Skuad Persib Bandung kembali berkumpul di lapangan hijau usai menikmati libur panjang kompetisi. Kini, fokus sepenuhnya dialihkan pada sembilan laga tersisa di Liga 1 2025-2026, fase krusial yang akan menentukan nasib Maung Bandung di akhir musim.
Latihan perdana selepas libur langsung digenjot dengan intensitas tinggi. Tak ada ruang untuk bersantai. Tim pelatih tampak ingin memastikan seluruh pemain kembali ke level kebugaran terbaik dalam waktu singkat, mengingat jadwal padat yang sudah menanti di depan mata.
Baca juga: Beckham Putra dan Tangisannya yang Pecah |
Pemain muda Persib, Dion Markx, mengakui bahwa menu latihan yang dijalani terasa sangat berat. Namun, ia memandang hal itu sebagai bagian krusial dari persiapan menghadapi periode menentukan.
"Kondisi saya bagus, kami mendapat program dari Miro, jadi saya menjalankannya. Tapi sekarang, dia seperti ingin 'membunuh' kami, karena kami akan menjalani sembilan pertandingan dalam waktu yang singkat," ujar Dion, Sabtu (28/3/2026).
"Jadi kami harus kembali bugar lagi. Jadi saya rasa, tipe latihan hari ini sangat berat, tentu saja ini berat bagi siapapun. Tapi menurut saya, semua bisa melaluinya dan ini merupakan persiapan yang bagus untuk sembilan laga sisa. Kami memerlukan ini, bagus," lanjutnya.
Dengan hanya sembilan laga tersisa, setiap pertandingan kini memiliki bobot yang sama besarnya. Tak ada lagi ruang bagi Maung Bandung untuk kehilangan poin jika ingin tetap menjaga asa di jalur perebutan juara.
Karena itu, Dion menegaskan bahwa seluruh pemain memiliki visi yang sama, yakni menganggap setiap laga sisa layaknya partai final.
"Kami melihat setiap pertandingan sebagai final.

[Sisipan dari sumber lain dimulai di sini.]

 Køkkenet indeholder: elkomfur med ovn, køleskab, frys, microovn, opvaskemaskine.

Seperti yang sudah dikatakan oleh semuanya sebelumnya," katanya.
Ia juga optimistis dengan kedalaman skuad yang dimiliki Persib saat ini. Menurutnya, dengan kerja keras dan kebersamaan, peluang untuk menyapu bersih kemenangan di setiap pertandingan tetap terbuka lebar.
"Saya rasa, jika kami berkomitmen bersama, bersama-sama bekerja keras, kami akan memiliki kesempatan yang besar untuk meraih kemenangan di setiap pertandingan. Karena kami adalah tim yang sangat baik, sangat berkualitas. Jadi kami hanya perlu menatap ke depan menghadapi sembilan laga tersisa, dan menuntaskan musim ini dengan baik," ucapnya.

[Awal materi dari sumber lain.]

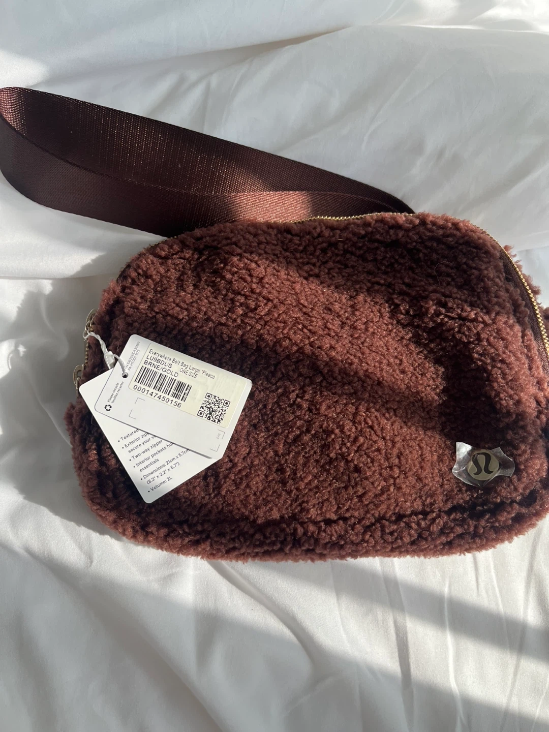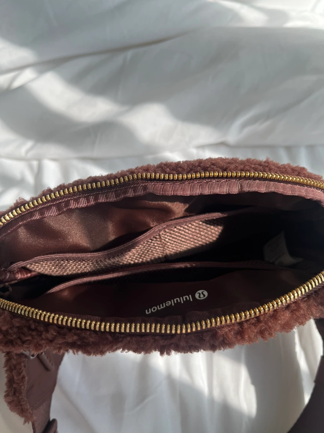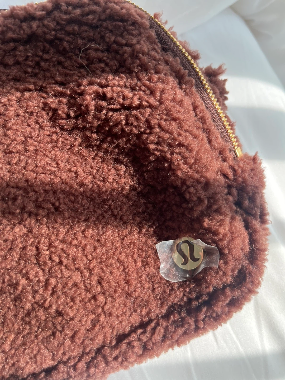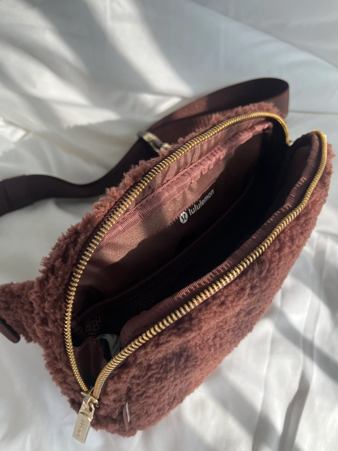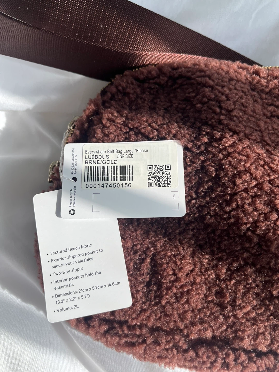 This Lululemon Everywhere Belt Bag is the large fleece version in Molleton Brindle Gold. It features textured fleece fabric and an exterior zippered pocket for your valuables. The two-way zipper and interior pockets keep your essentials secure. Dimensions are 21cm x 5.7cm x 14.6cm, with a volume of 2L.

Meski tekanan akan semakin memuncak di fase akhir kompetisi, Dion memilih untuk tetap tenang. Ia percaya, selama tim mampu menjaga konsistensi performa seperti sebelumnya, trofi juara tetap berada dalam jangkauan.
"Semuanya tetap tenang. Karena jika kami bisa melakukan apa yang sudah dilakukan sebelumnya, kami punya peluang juara di liga. Jadi saya pikir tidak ada yang perlu ditakutkan oleh kami," tegasnya.